As we can see, what constitutes the habitability of a planet or a moon is complex and certainly multidimensional. In addition habitability depends on time: a planet can be habitable for a given period but be no longer so afterwards. Habitability is also different following a spatial scale as it can concern an entire planet or a more restricted habitat (forest, desert, etc.) or even a micro-habitat (pores between grains of sand, etc.).

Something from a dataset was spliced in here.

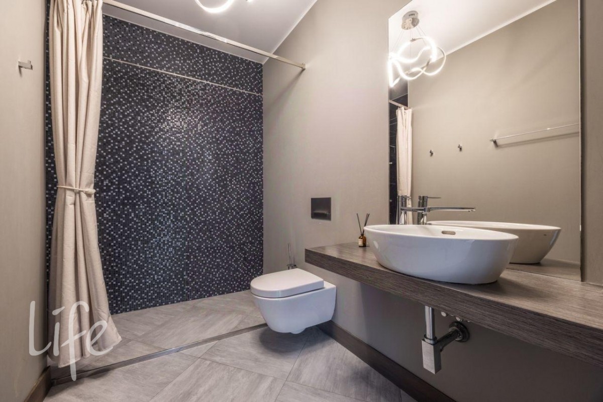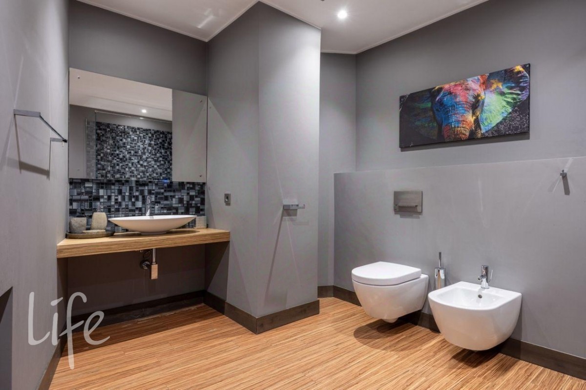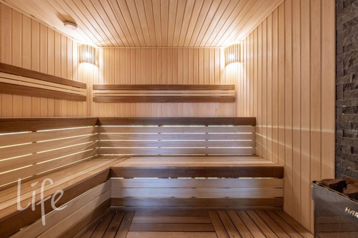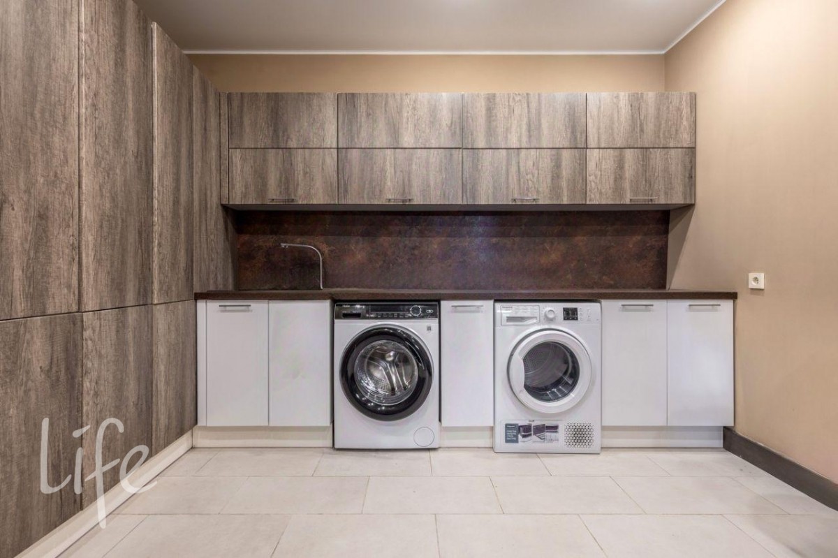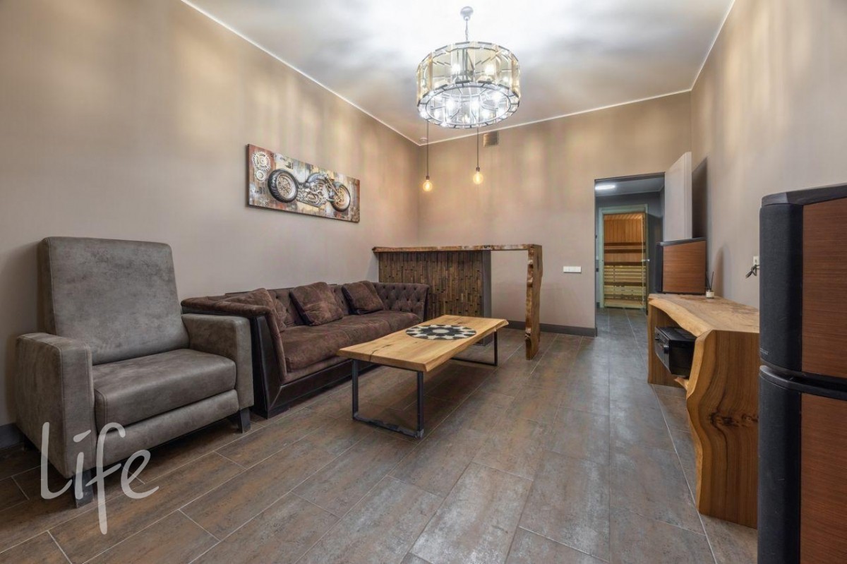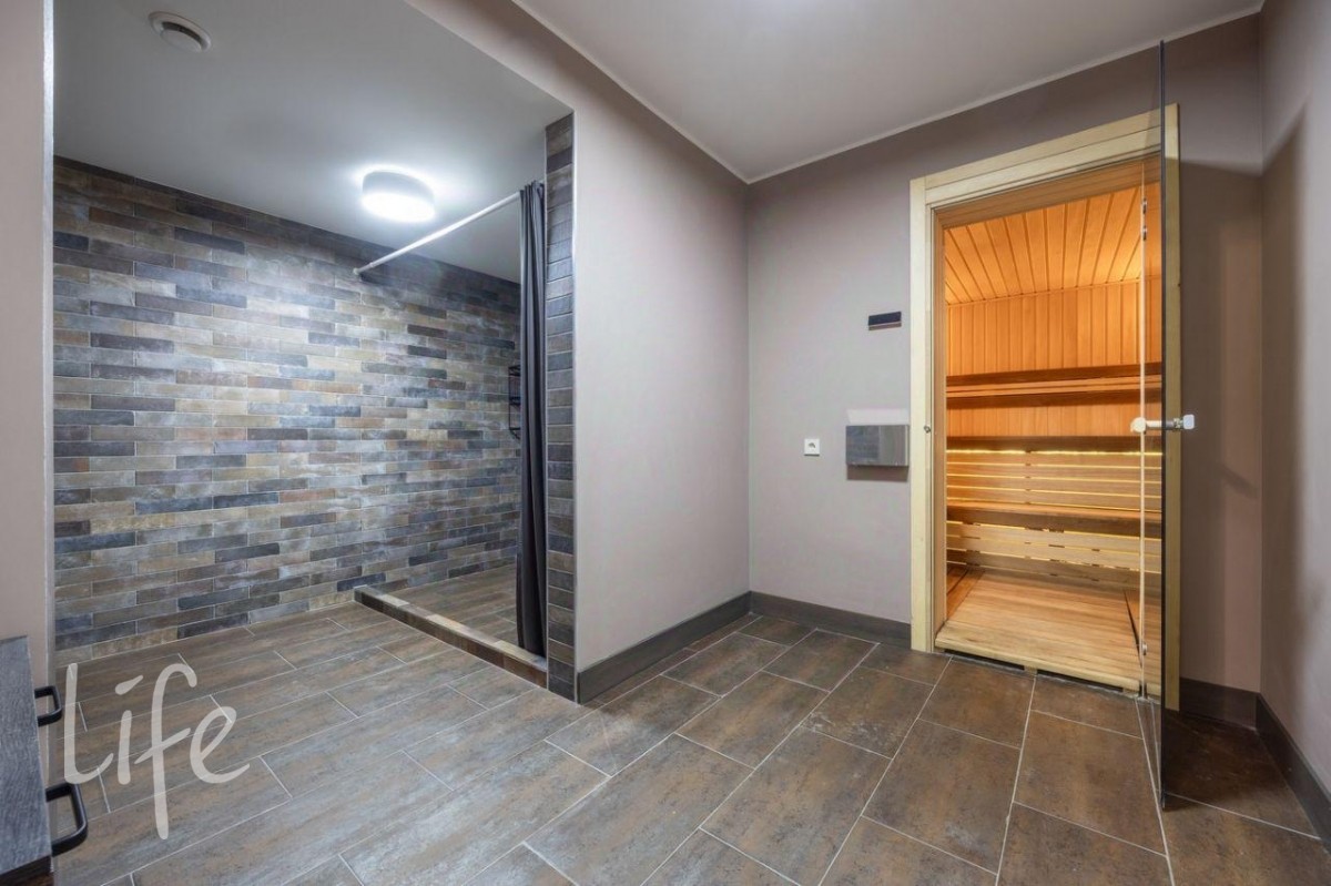 Цоколь: гараж на два автомобиля, техническое помещение, прихожая, гостевая ванная комната, прачечная с комнатой для мытья собак, зона СПА: сауна, душ, гардеробная, комната отдыха с баром.
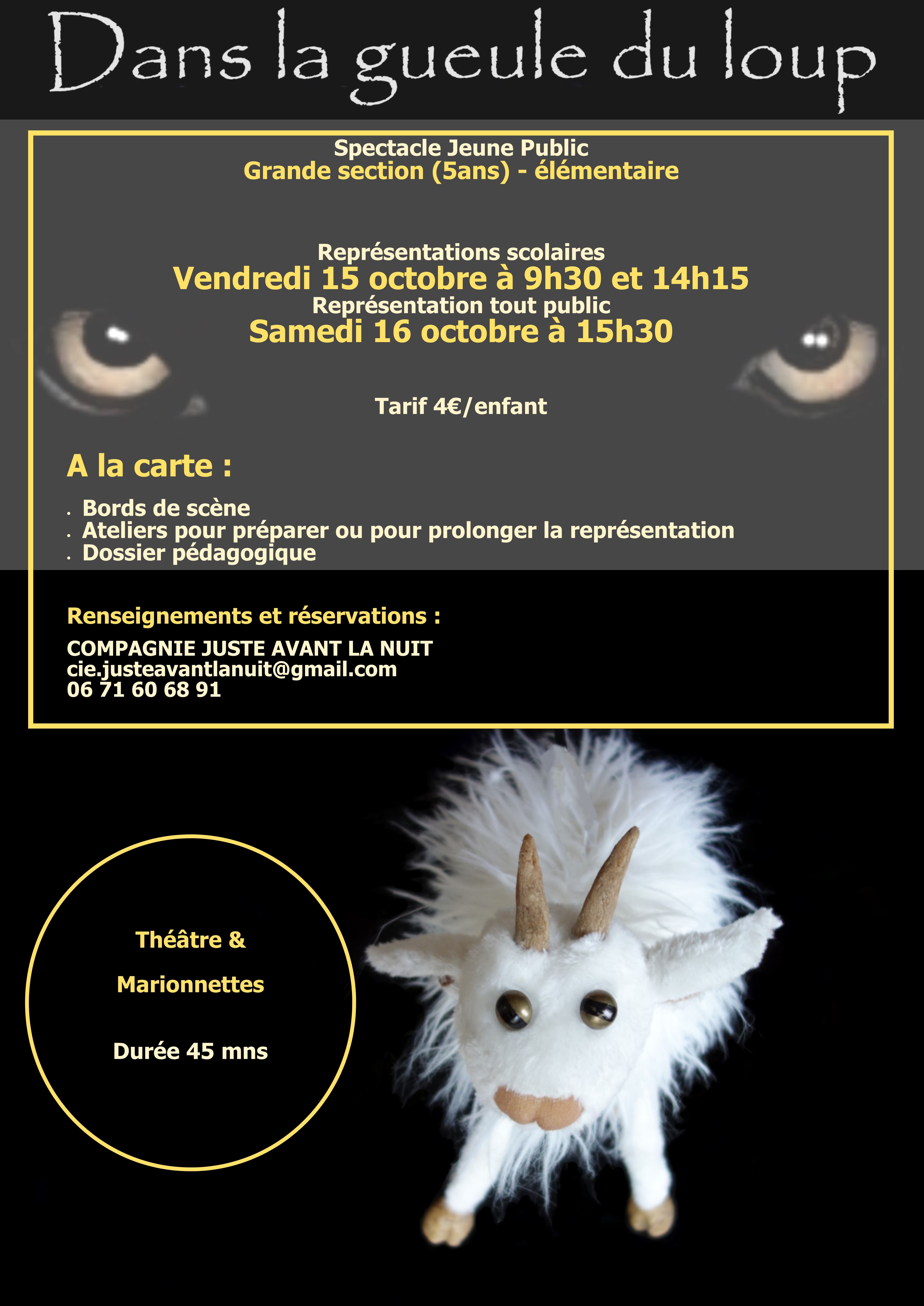 “Dans la Gueule du loup”, une proposition avec des marionnettes également, sur la peur du Loup et la peur de grandir. Cette pièce se tisse autour de 3 contes : “Marlaguette”, “Le Petit Chaperon rouge” et “La Chèvre de Monsieur Seguin”.

An understanding of the concept of habitability took a giant stride with the discovery and study of extremophiles, the organisms which live and even only survive in extreme conditions. The latter can be physical (pressure, temperature, radiation) or geochemical (salinity, pH, concentration of metals, the presence of gas, etc.). The environments of these adventurers of the extreme can be close to the conditions which prevail or have prevailed on the primitive Earth or on Mars, astrobiology’s primary target.
Red  planet
Mars, then, habitable or not? It is an age since the Red Planet lost its magnetic field and its atmosphere was eroded by the solar wind. Moreover Mars’ crust is a monoplate: the planet does not have plate tectonics even though it has been geologically active, as is notably borne out by the largest volcano of the solar system, Mount Olympus. If these characteristics are a bad presentiment  for present life, traces of liquid water dating from the era when the planet still possessed an atmosphere and a magnetosphere leave open the question of life in the past: if Mars is not inhabited today, it could have been habitable in its past for a short period.